Rand Fishkin, pendiri Spark Toro, sebuah perushaan tool riset pasar, mengatakan bahwa platform media sosial lain seperti Facebook, Twitter, Reddit, Instagram, dan Google, juga mengumpulkan data pengguna.
Ini praktik yang lazim di platform digital.

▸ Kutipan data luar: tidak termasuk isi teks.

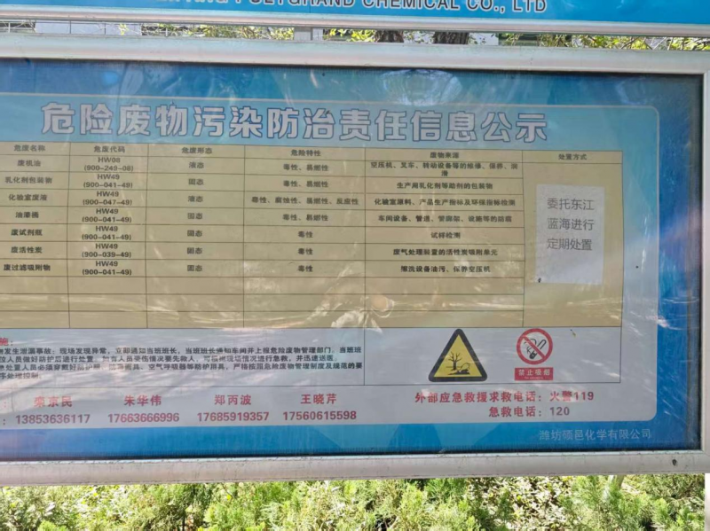 我濰坊碩邑化學(xué)有限公司現(xiàn)有危險廢物八種,分別為廢活性炭(HW49 900-039-49)、乳化劑等助劑包裝物(HW49 900-041-49)、油漆桶(HW49 900-041-49)、廢試劑瓶(HW49 900-041-49)、化驗室廢液(HW49 900-047-49)、廢機(jī)油桶(HW08 900-249-08)、廢機(jī)油(HW08 900-214-08)、廢過濾吸附物(HW49 900-041-49)。

Tapi, menurut dia, data yang dihimpun biasanya tidak sebanyak yang dilakukan TikTok.
Perwakilan TikTok tidak menanggapi masalah tersebut secara langsung dan memberikan pernyataan dari Roland Cloutier, TikTok Chief Information Security Officer perihal celah keamanan di iOS 14.
"Kami berkomitmen membuat aplikasi yang menghargai privasi pengguna kami dan menjadi lebih transparan dengan komunitas kami," ujar Cloutier di akhir pernyataannya.
Pekan lalu, setelah aplikasinya diblokir oleh India menyusul ketegangan dengan China, TikTok menegaskan tidak memberikan data pengguna (di India) ke pemerintah negara manapun, termasuk China.